I've been waiting for your first word, little man. And that one (even if it was baby noise) was oh, so very sweet. I'm still melting.

Now, say it again Mr. Max...this time, with a smile.

Friday, November 12, 2010

Going Bananas!

Max has an appetite like a monkey. At least tonight... The fare? Pureed bananas. (Zoo monkeys would be jealous, you know.) Watch this YoutTube clip as Max opens his mouth like a baby bird, "Oooo, Ooo, mooore, mooore!") He's a foodie. And if smashed 'naners are exciting, wait until we can eat cookies at the mall!
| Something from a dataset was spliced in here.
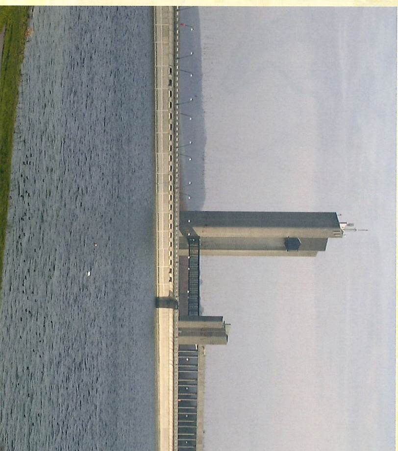
Barrage de la Plate Taille - Tour panoramique - Stuwdam van "La Plate Taille" - Panoramatoren

Promenade pour tous au cours de laquelle chacun trouvera son bonheur.
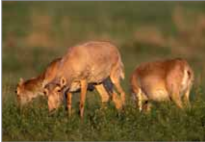
Ўтлаётган сайғоқ ургочилари.

2005 й. ноябр ойида Қалм. Респ. Росқишлхўжназорати тезкор овназорати овшунослари браконьерлик содир бўлган жойни аниқладилар, бироқ браконьерлар жиноят содир бўлган жойдан Утта ва Хулхута пос. томонга кетишга муваффақ бўлдилар. Ноқонуний ов жойида сайғоқнинг 12та танаси топилди, буларнинг бир қисми олиб кетишга тайёрланган эди. Эрақ сайғоқларга нисбатан бундай муносабат жиноийдир, чунки бу популяциянинг генетик хилма-хиллигига сезиларли зарба беради. Биз сизларни бундай ходисалар ёнидан бефарқ ўтмаслигингизни сўраймиз. Сайғоқ тақдирига бефарқ бўлмаган барча –браконьерлик ҳолатлари ҳақида Росқишлхўжназорати Бошқармасига хабар беришлари мумкин. Агарда Сизлар томонда сайғоқлар бир неча йил кўринмаган бўлиб, Сиз уларни чўлда учратиб қолсангиз, бундан ҳам бизни хабардор қилинг. Б. Убушаев, Қалм. Респ. бўйича Росқишлхўжназорати Бошқармаси овназорати бўлимининг бошлиқ ўринбосари

And, speaking of bananas, here's a photo of Max Man rocking out his Baby Einstein exersaucer. He finds the plush star especially tasty, and Mayzie (remember...our Scottie-dog Manager) is amused by the Mooooo sounds from the farm animals sound buttons. Other than that, things are really normal around here. Ha!

Tummy Tub


It was the most expensive bucket I’ll ever buy. And it doesn’t even have handles. But Tummy Tub—a euro bathing tool that is an alternative to the stick-it-in-a-sink tubby—was worth every penny. And now that Max has outgrown the bath bucket, I’m really appreciating how easy it was to pop him in, dunk-tank style, and give him a quick scrub-a-dub. He would sit up in the T.T. like a little blonde Buddha, and once he got used to water, he began to enjoy tubby time. 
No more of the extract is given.